The cover clued you in that the Headmen have a new ally, but her name is not “Senora Lollipop Head,” as you suggested. That would be Ruby Thursday, a character so weird and dumb that it made Nerds on Earth’s list of 7 Characters Marvel wishes they could forget.
Comic lovers will see Ruby Thursday again in She-Hulk comics where she runs for President of the United States as the candidate of the “Global Head” political party under the slogan “New Heads for Old,” because, c’mon, that’s something.
So, Nighthawk, who is not Nighthawk, but is instead Valkyrie’s ex-husband pretending to be Chondu the Mystic stalls. That allows the captured Defenders to break free!
Will the Defenders flee?! Nope, not without Nighthawk’s brain! Which is in a bowl.
Let’s go to the comic:
But will this allow Nighthawk’s brain to be re-inserted into his body? Nope, because Nebulon comes out of nowhere to trap him in a tractor beam because a storyline this bonkers needs a MacGuffin character to be introduced to make it more weird.

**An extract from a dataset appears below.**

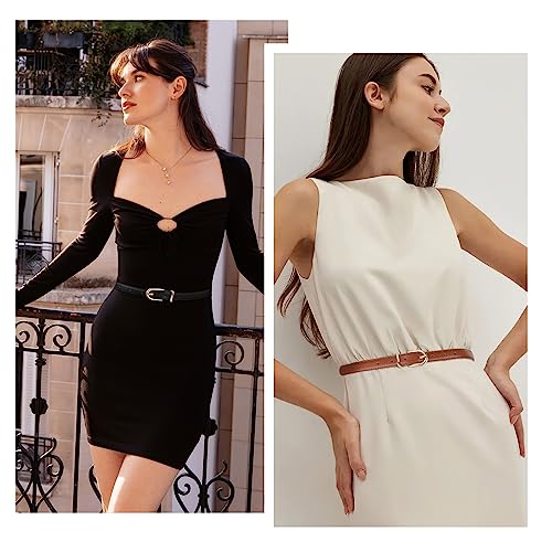 • Women’s Thin Leather Belt: Featuring a sleek gold curved metal buckle with a single prong, this women slim leather belt combines a classic color palette with a minimalist design, making it a prope lightweight accessory. The subtle metallic sheen effortlessly elevates dresses and tunics, adding a polished touch to your outfit. Suitable for everyday wear!
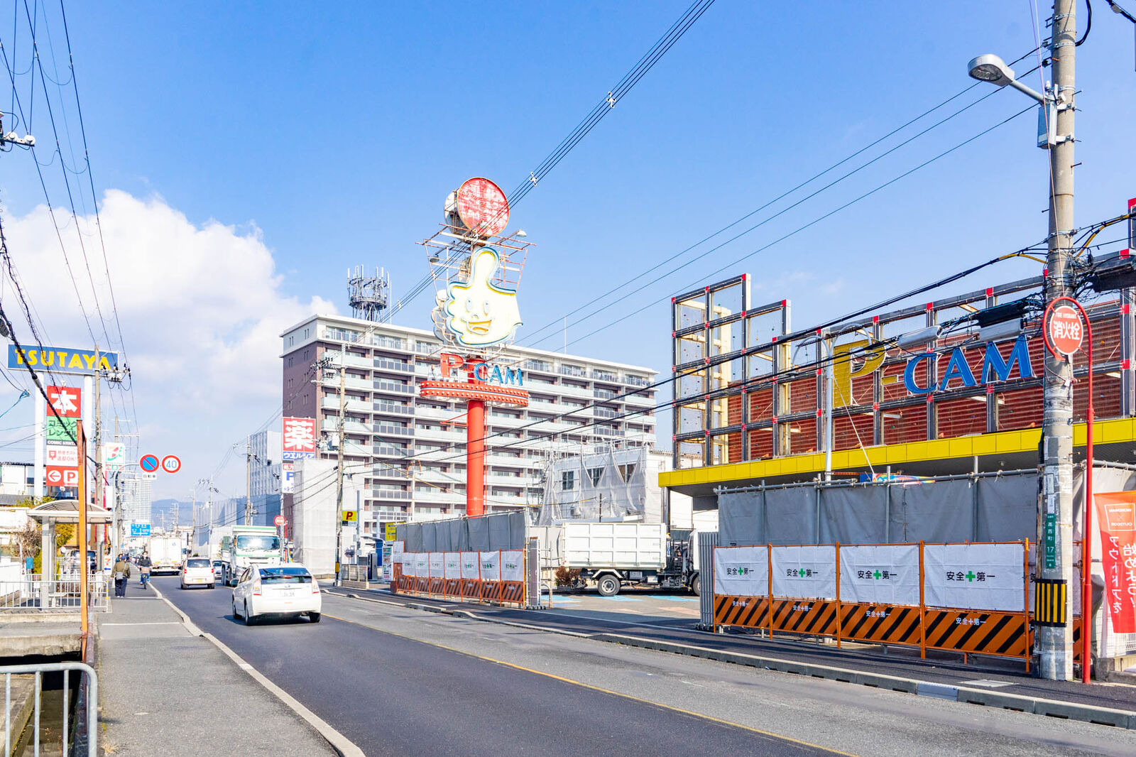 こっちの向かいにはTSUTAYAがあって、隣にはウエルシア。進んでいくと市役所のそばから高槻の駅周辺に出ます。

Jaws: I mean, I thought I had a pretty whacky sense of a storyline in there but wow. I mean, Hulk had a pet deer? But it wasn’t like a clone or embodiment of Rick Jones? And, seriously, I get you are a villain and all but you are telling me that they just do surgery and leave brains sitting around in bowls? Did they clean the Honeycomb cereal bits out of it before they used it?
I do think you got to admire the wise-cracking jokes of Valkyrie’s ex-husband in Nighthawk’s body. This is pre-Bruce Willis in Die Hard. Cutting edge comedy.
But that ending. Holy cow. It is just so much fun to see a comic that is clearly bonkers compared to the tighter plots and stories that we see today. I genuinely may need to get a read through of the Defenders.
Clave: I don’t know that I can fully recommend you reading through Defenders. It might send your bonk-o-meter off the charts. How about I read them to save you the headache?
Jaws: So that’s the story from Defenders 33 with a cover by Gil Kane. What do you have for me next, Clave?